-- DATA TO EXAMINE --
>>>>>

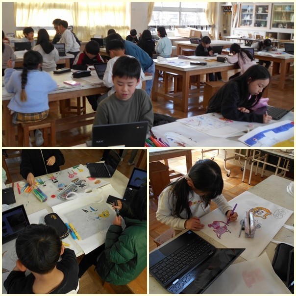 総合的な学習の時間です。発表するときに使うスライドと読み原稿をタブレットで作成していました。必要な図や写真を取り込み、それに合った文章を考えて入力します。ローマ字入力もまだまだ慣れていないので大変ですが、みんな集中して取り組んでいました。分からないときや困ったときは、先生や友達に相談したり、教えてもらったりします。
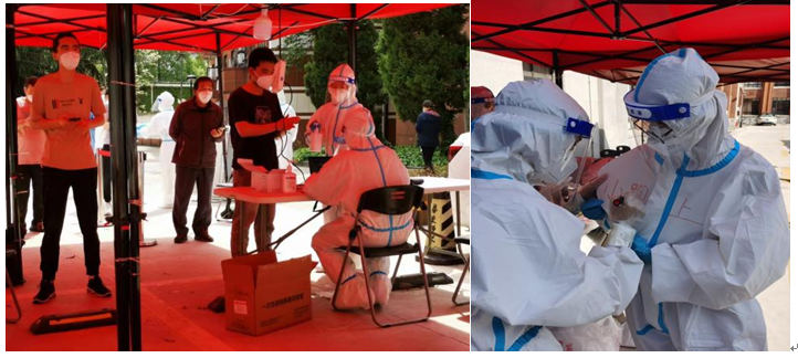 中北2019级团支部-李银林-丽娃片区志愿者:“从小蓝到大白再到小蓝,与老师、医护人员、小伙伴们积极配合,完成了每日的核酸采样任务,结束后若能拖着疲惫喝一口加了冰块的可乐,我会开心得瞬间冒泡。我相信比病毒传播更快的是爱和希望,让我们一起共同守沪,共抗时艰。”
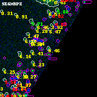 Object #3425 x,y = (4446, 2281) RA, Dec = (00:32:03.072, 18:07:39.72) = (8.01280, 18.12770) BPZ = 0.461 [0.325--3.643] type = 5.10 (ES0_B10 - Sbc_B10) chisq2 = 0.00 ODDS = 0.33 z_cluster = 0.396
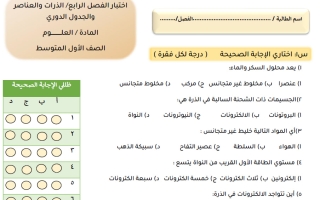 اختبار فصل (الذرات والعناصر والجدول الدوري) علوم الصف الأول المتوسط الفصل الأول
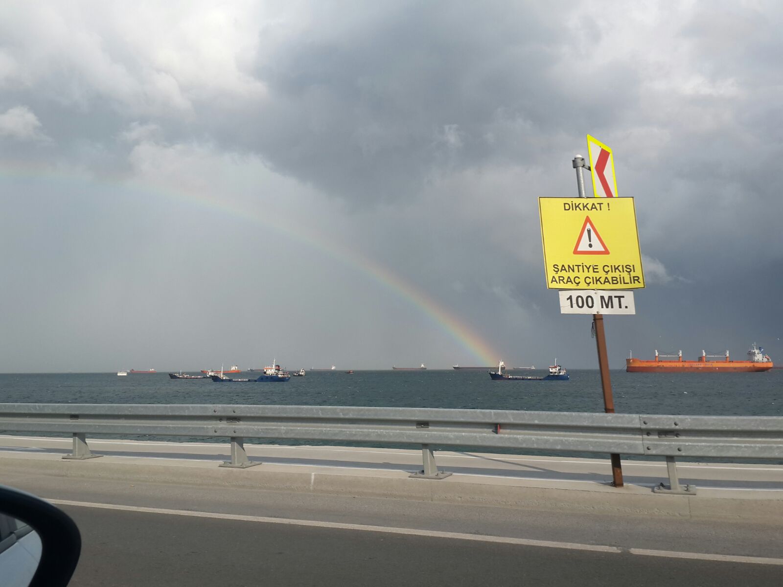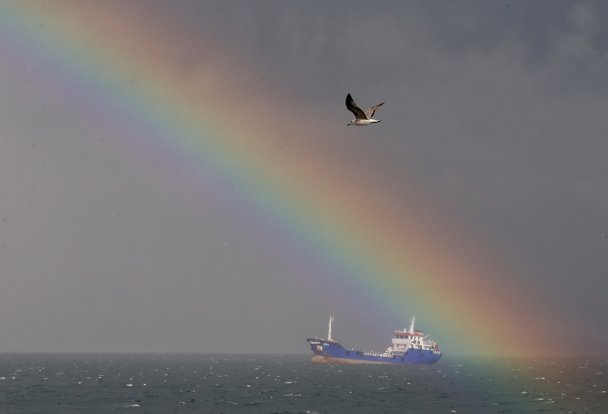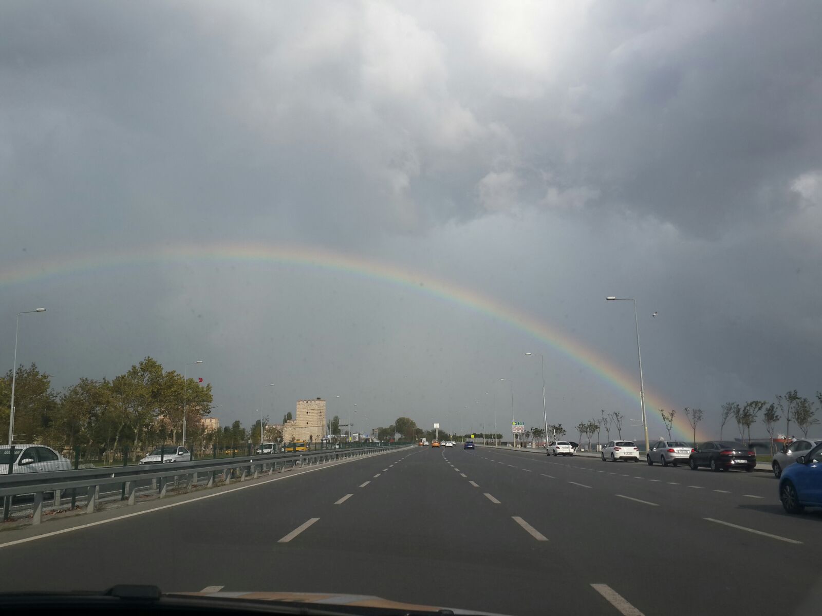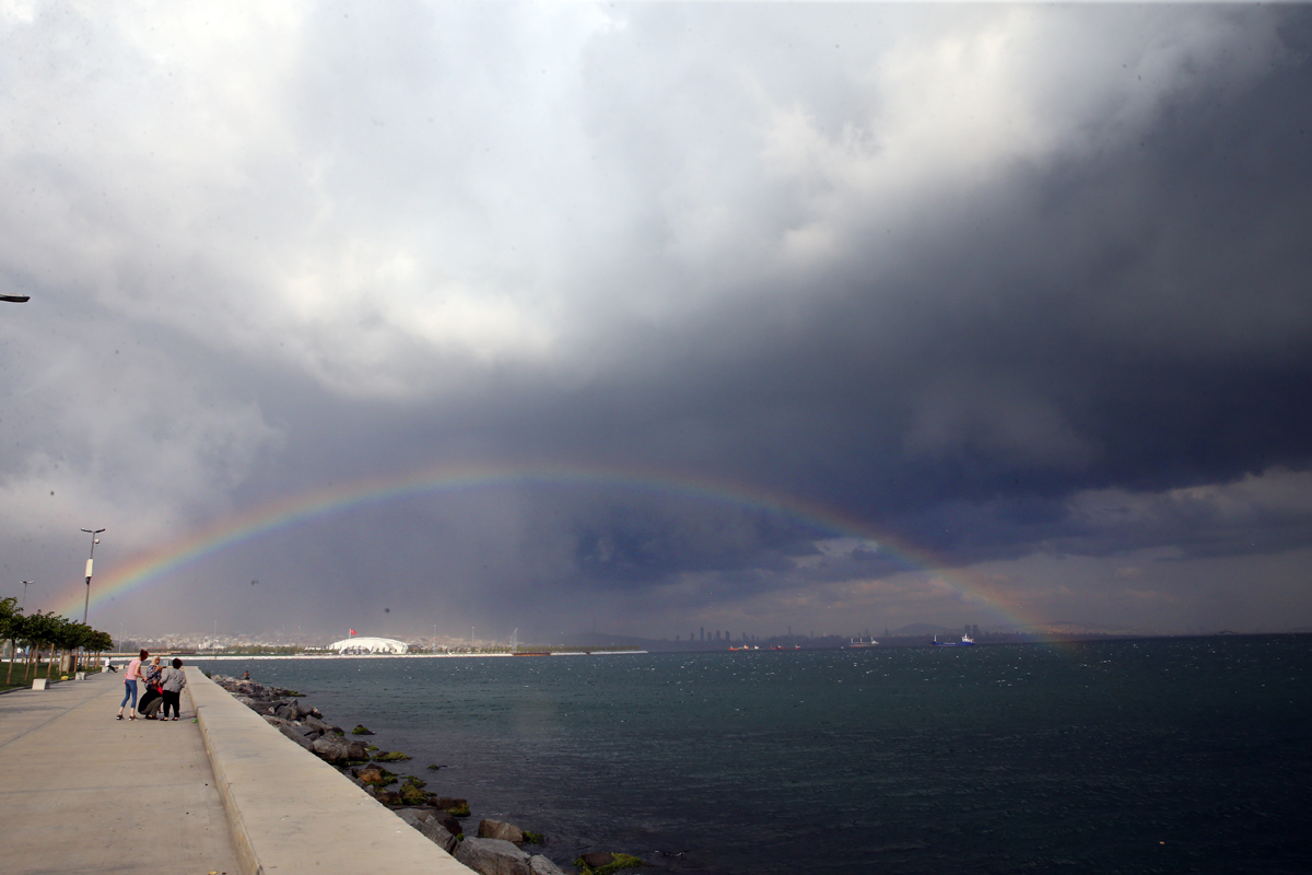 İstanbul'un bir yakasında yağmur, diğer yakasında ise güneşli hava hakim olunca ortaya çıkan gökkuşağı güzel görüntüler oluşturdu.

<<<<<

-- TASK DESCRIPTION --
Write out again, exactly, only the lines from the beginning of the material above to the line that holds "中北2019级团支部-李银林", both ends included, and no pictures.

-- REPLY --
 総合的な学習の時間です。発表するときに使うスライドと読み原稿をタブレットで作成していました。必要な図や写真を取り込み、それに合った文章を考えて入力します。ローマ字入力もまだまだ慣れていないので大変ですが、みんな集中して取り組んでいました。分からないときや困ったときは、先生や友達に相談したり、教えてもらったりします。
 中北2019级团支部-李银林-丽娃片区志愿者:“从小蓝到大白再到小蓝,与老师、医护人员、小伙伴们积极配合,完成了每日的核酸采样任务,结束后若能拖着疲惫喝一口加了冰块的可乐,我会开心得瞬间冒泡。我相信比病毒传播更快的是爱和希望,让我们一起共同守沪,共抗时艰。”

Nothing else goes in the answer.